On sous-estime encore aujourd'hui, même dans les milieux d'affaires, les conséquences d'un retrait sans accord. Le « freinage d'urgence » serait que la Chambre des communes trouve une manière de revenir sur l'activation de l'article 50, en vertu de la décision de la Cour de justice de l'Union européenne qui permet de le révoquer. Cela ne serait pas facile, mais c'est là-dessus que se joue la question du Brexit.

Je vais me tourner vers Charles pour la question de l'Écosse et des ressortissants communautaires. Si je puis me permettre de dire une seule chose, la question du scandale de « Windrush » sur la génération venue des Caraïbes dont les ressortissants n'ont pas eu de statut reconnu pendant des années a été déplorable et a montré le comportement contestable du Ministère de l'intérieur.

Lord Charles Kinnoull. - Le mécanisme du « settled status » et la question des 3,8 millions de ressortissants étrangers vivant au Royaume-Uni a été étudiée par ma commission. Aux dernières nouvelles -il y a seulement 10 jours-, le Ministère de l'intérieur nous disait que 750.000 personnes avaient été validées par ce mécanisme. 4 ou 5 personnes ont été « filtrées » pour ainsi dire, du fait de leurs antécédents judiciaires. Nous regrettons l'absence de passeport ou de preuve physique de cela, car pour toutes les nécessités de la vie quotidienne, pour se présenter à un emploi, pour ouvrir un compte bancaire, acheter une maison, si le système informatique gouvernemental ne marche pas, vous ne pourrez pas prouver votre statut. Venant de la société civile et du monde des affaires, j'ai une vision « pratico-pratique » de ce processus, mais il y a un bocage au niveau du Ministère de l'intérieur. Nous vous engageons à donner un maximum de voix sur ce sujet. Nous avons une réunion mardi prochain avec des représentants des 27 pays de l'Union européenne pour parler de cette question, car ces 3,8 millions de ressortissants communautaires au Royaume-Uni ne sont pas là « en vacances », ils travaillent et fournissent des services cruciaux, comme les vétérinaires par exemple.

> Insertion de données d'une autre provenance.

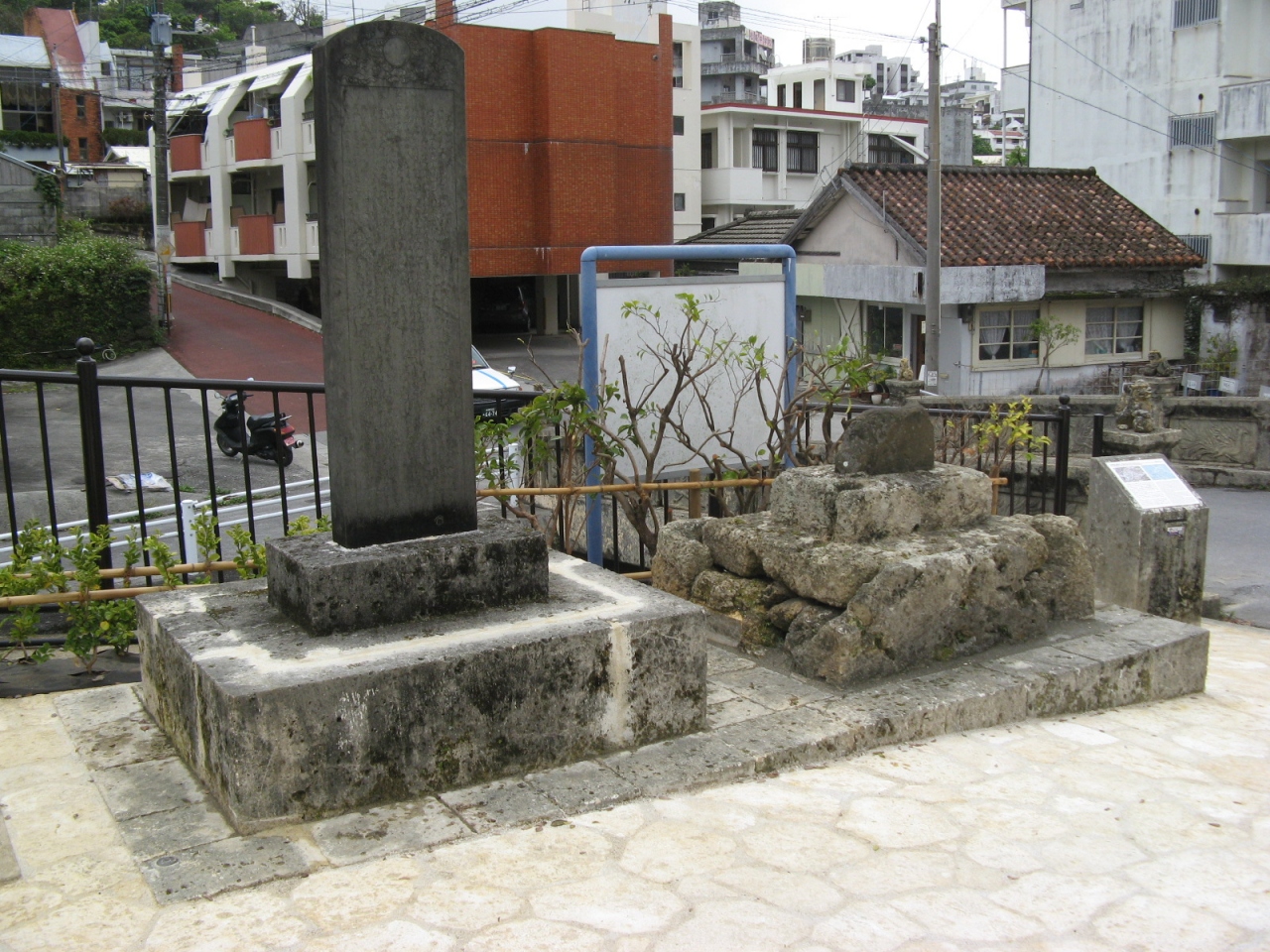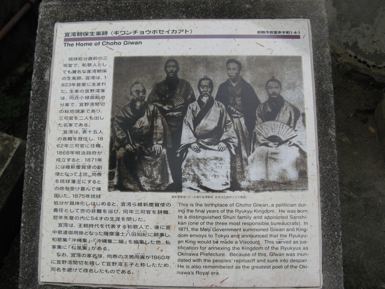 モノレール儀保駅より南へ歩いて3分ほどのところにあります。現地にある説明板には、『宜湾朝保は、琉球王国末期の著名な政治家で歌人。1862年三司官となり尚泰王を補佐。1868年に明治政府が成立すると、1871年に維新慶賀使の副使として上京、尚泰王を琉球藩王にするとの命を受け、喜んで帰国するも、親清国派から「売国奴」と非難されて、1875年に琉球処分が具体化しはじめると、維新慶賀使の責任として世の非難を浴び三司官を辞任。翌年失意の内に54歳の生涯を閉じた。』と記載されています。詳細は説明版の写真を添付しますので参照ください。なお、生家跡は、マンションになっていて往時の面影はまったくありません。

Cette profession, que M. Bizet connaît bien, n'est exercée que par des ressortissants communautaires au Royaume-Uni, donc si l'on ne résout pas cette question, il n'y aura plus de vétérinaires dans notre pays. Nous vous encourageons donc également à faire votre possible pour faire bouger les choses.

Nous n'avons pas encore évoqué la question des personnes en précarité. 20% des Britanniques vivant en France sont dans une position de vulnérabilité vis à vis de leur statut juridique, en conséquence, toutes les informations que vous pourrez nous envoyer seront les bienvenues. Nous avons en ce sens rencontré vos homologues de l'Assemblée Nationale.

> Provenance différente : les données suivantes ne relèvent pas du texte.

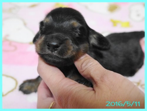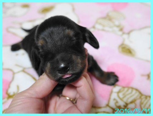 | 毛色 | ブラック&タン(パパは2か国チャンピオン。PRA安心です) | 出生地 | 千葉県 | |

Concernant l'Écosse, il y a un référendum qui a polarisé le pays, il y a même eu du vandalisme dans ma circonscription. Le côté relations publiques a bien fonctionné pour le parti nationaliste écossais, mais il est moins populaire qu'il ne l'était. Son manque de popularité vient du fait qu'au Gouvernement il n'a pas été si efficace que cela, notamment en matière d'éducation et de santé. Je ne pense pas, malgré son regain de popularité avec le Brexit, qu'un référendum sur l'Écosse puisse donner quoi que ce soit de positif, et je ne pense donc pas que ce soit la voie à suivre.

Baronne Kishwer Falkner. - Vous avez parlé de l'amendement « Costa », du nom de l'un des membres du Parti conservateur. Sachez que le Gouvernement a déjà accepté cela, l'amendement est donc inscrit dans la loi. Sur la preuve physique du statut, il y a un blocage au Royaume-Uni sur tout ce qui peut ressembler à une carte d'identité ou à une carte de séjour.

S'agissant de l'Écosse, si l'on autorise un nouveau référendum sur le Brexit, il n'y a pas de raison que l'on refuse un nouveau référendum sur l'indépendance de l'Ecosse. Je pense qu'il ne faut donc pas suivre cette voie.